- [The task]:
In the records below, find the line that contains "16. Minty Blue" and the line that contains "Robe noire à", then retype exactly those two lines and every line between them.

- [Data for processing]:
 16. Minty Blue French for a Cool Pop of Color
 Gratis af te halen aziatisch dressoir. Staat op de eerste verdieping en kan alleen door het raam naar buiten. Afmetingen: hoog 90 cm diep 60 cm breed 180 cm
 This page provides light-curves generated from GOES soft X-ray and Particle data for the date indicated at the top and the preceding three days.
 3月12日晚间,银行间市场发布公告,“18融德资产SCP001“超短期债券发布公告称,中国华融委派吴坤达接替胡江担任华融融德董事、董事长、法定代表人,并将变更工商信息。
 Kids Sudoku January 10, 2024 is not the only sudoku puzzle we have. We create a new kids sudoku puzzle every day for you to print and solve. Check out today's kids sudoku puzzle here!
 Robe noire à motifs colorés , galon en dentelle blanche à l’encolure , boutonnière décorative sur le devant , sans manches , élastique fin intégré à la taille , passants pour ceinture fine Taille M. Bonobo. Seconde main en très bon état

...

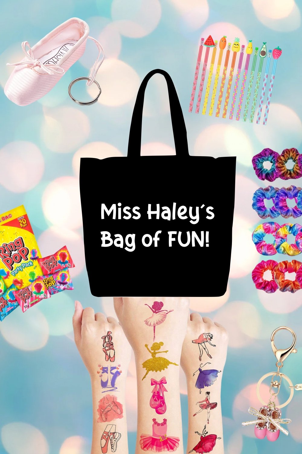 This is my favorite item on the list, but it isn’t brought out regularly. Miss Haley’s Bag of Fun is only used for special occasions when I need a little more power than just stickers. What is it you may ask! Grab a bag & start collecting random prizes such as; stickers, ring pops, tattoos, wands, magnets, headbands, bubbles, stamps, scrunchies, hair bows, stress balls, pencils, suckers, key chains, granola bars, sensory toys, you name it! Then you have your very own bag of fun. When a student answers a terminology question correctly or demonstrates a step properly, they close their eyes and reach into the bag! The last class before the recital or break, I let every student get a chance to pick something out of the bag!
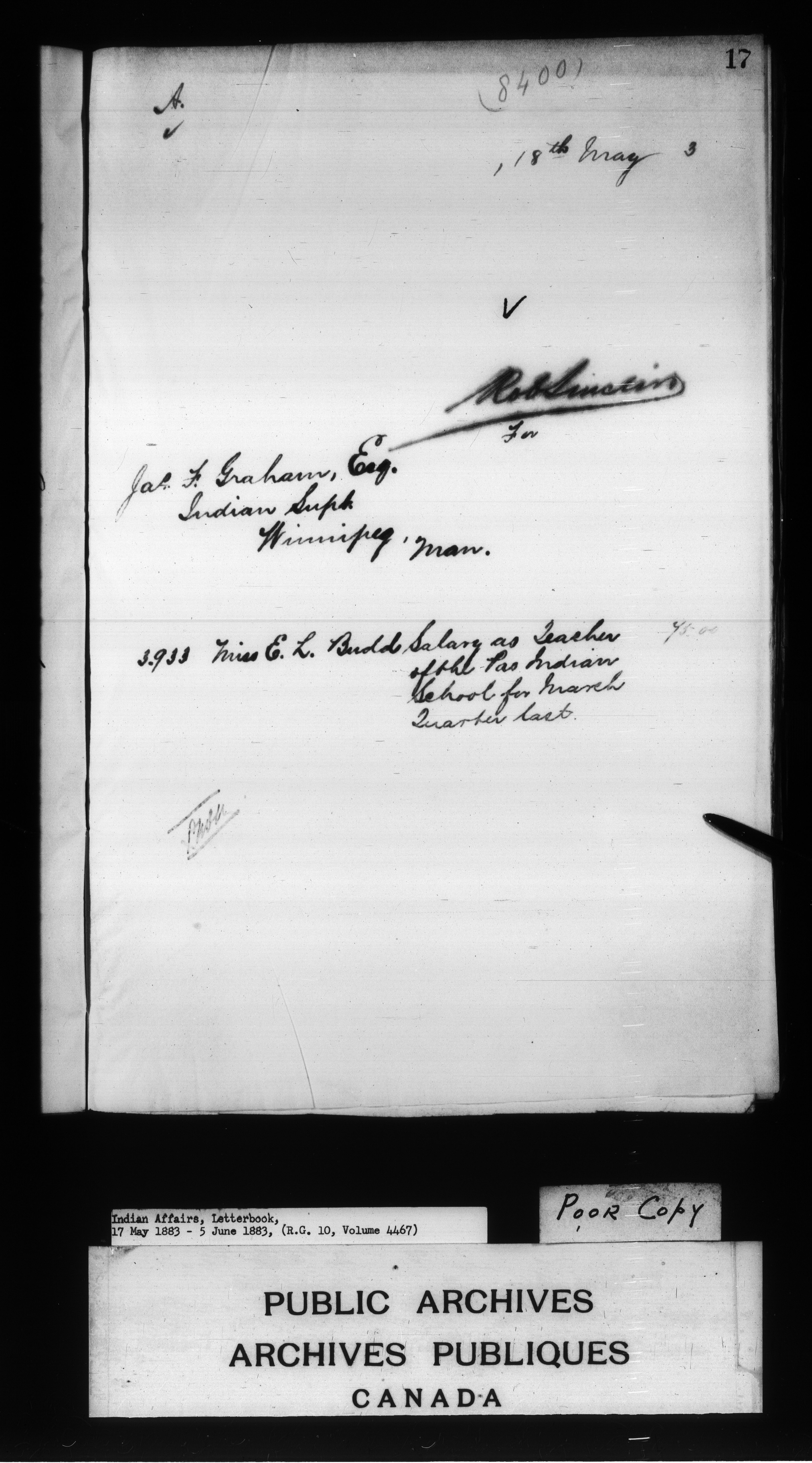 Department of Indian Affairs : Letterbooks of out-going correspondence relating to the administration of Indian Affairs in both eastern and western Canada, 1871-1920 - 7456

==

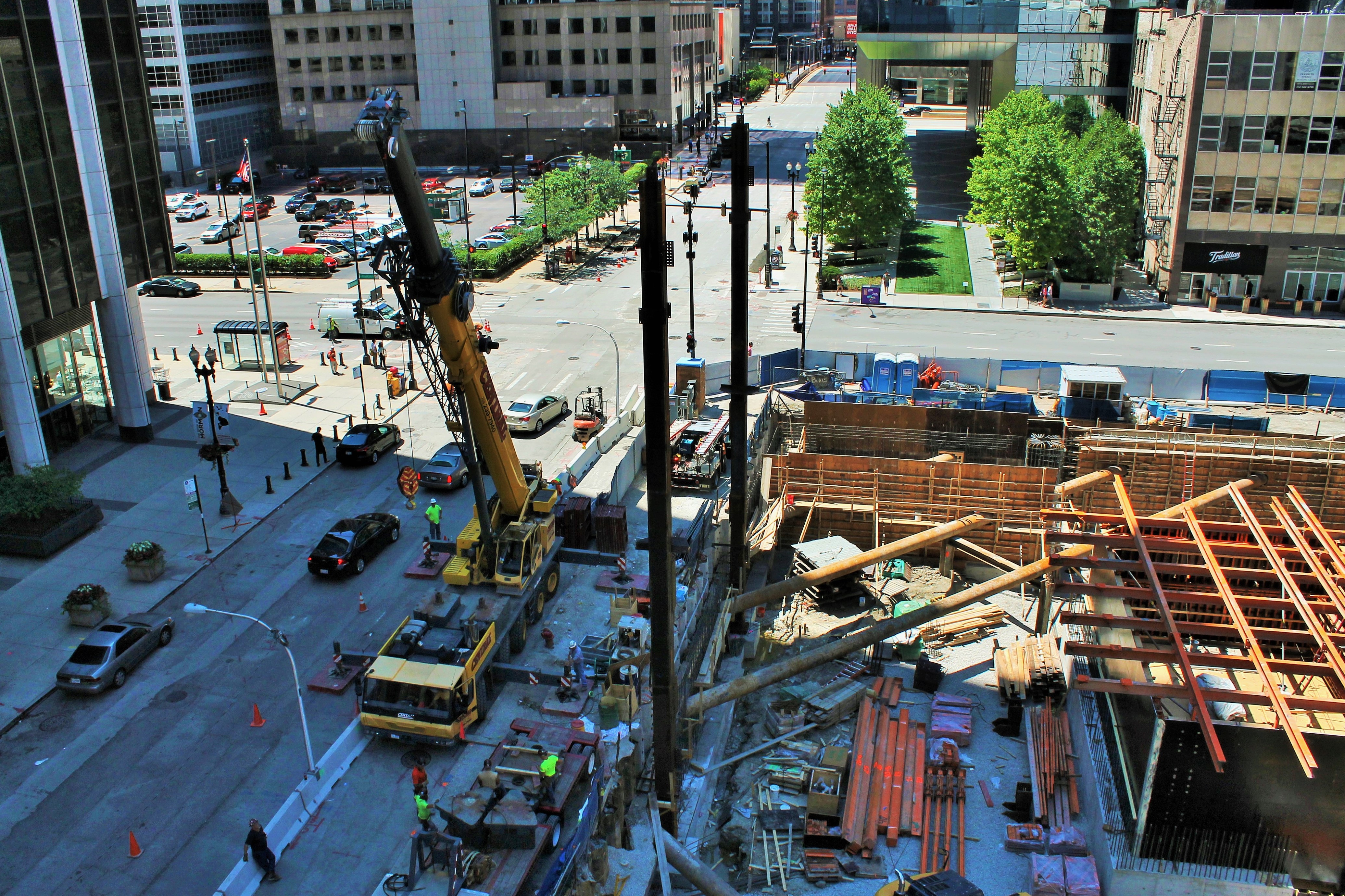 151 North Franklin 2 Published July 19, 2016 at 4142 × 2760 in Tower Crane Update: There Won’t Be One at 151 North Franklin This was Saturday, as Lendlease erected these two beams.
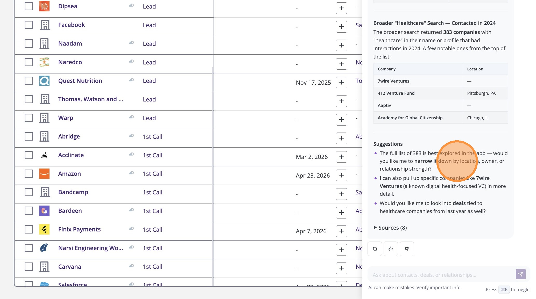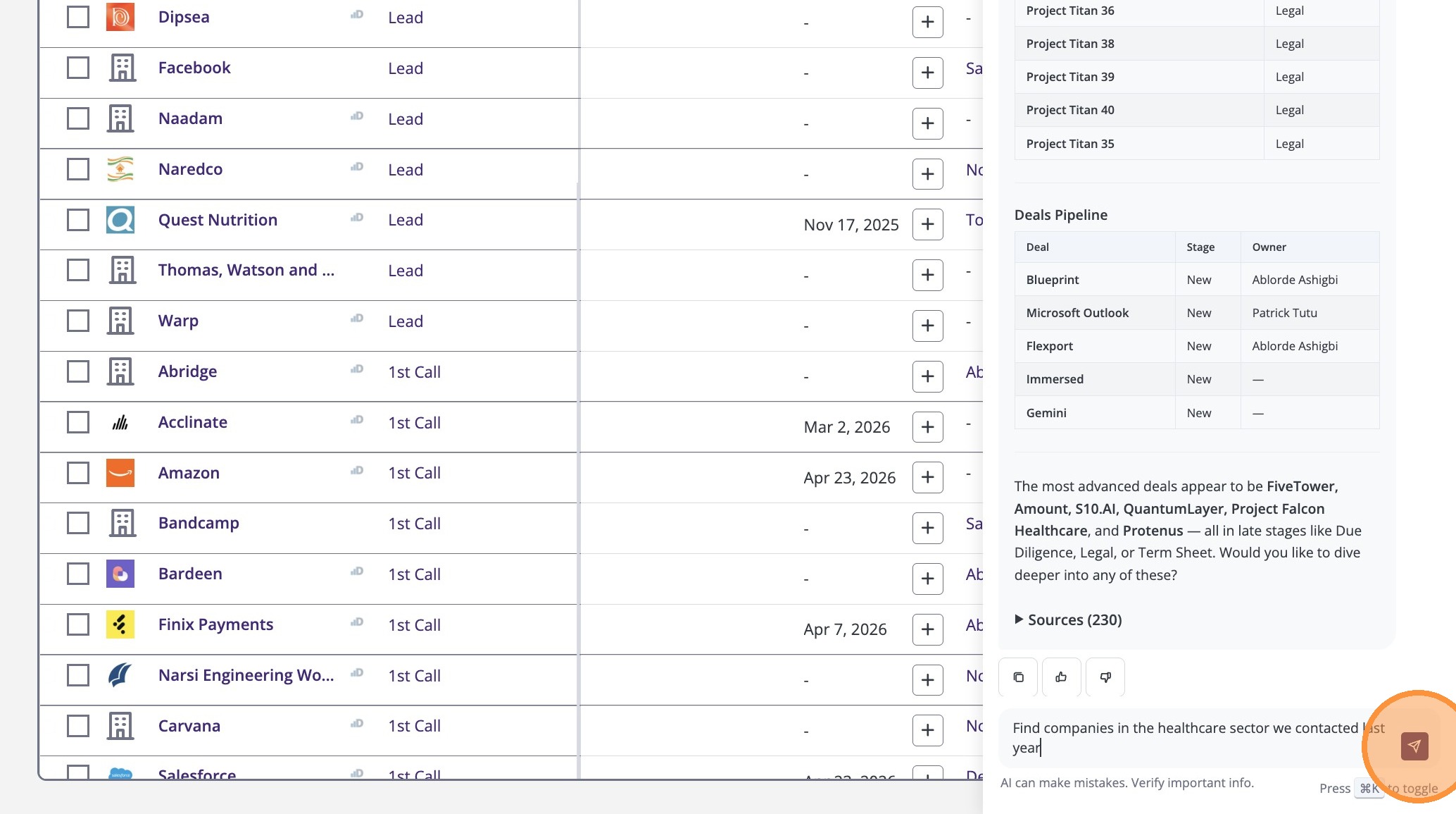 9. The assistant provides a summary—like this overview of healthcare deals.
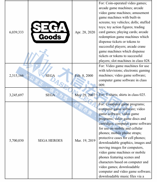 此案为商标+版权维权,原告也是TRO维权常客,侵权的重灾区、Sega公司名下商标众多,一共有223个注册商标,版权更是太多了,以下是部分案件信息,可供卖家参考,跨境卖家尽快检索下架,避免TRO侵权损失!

- [Answer below]:
 16. Minty Blue French for a Cool Pop of Color
 Gratis af te halen aziatisch dressoir. Staat op de eerste verdieping en kan alleen door het raam naar buiten. Afmetingen: hoog 90 cm diep 60 cm breed 180 cm
 This page provides light-curves generated from GOES soft X-ray and Particle data for the date indicated at the top and the preceding three days.
 3月12日晚间,银行间市场发布公告,“18融德资产SCP001“超短期债券发布公告称,中国华融委派吴坤达接替胡江担任华融融德董事、董事长、法定代表人,并将变更工商信息。
 Kids Sudoku January 10, 2024 is not the only sudoku puzzle we have. We create a new kids sudoku puzzle every day for you to print and solve. Check out today's kids sudoku puzzle here!
 Robe noire à motifs colorés , galon en dentelle blanche à l’encolure , boutonnière décorative sur le devant , sans manches , élastique fin intégré à la taille , passants pour ceinture fine Taille M. Bonobo. Seconde main en très bon état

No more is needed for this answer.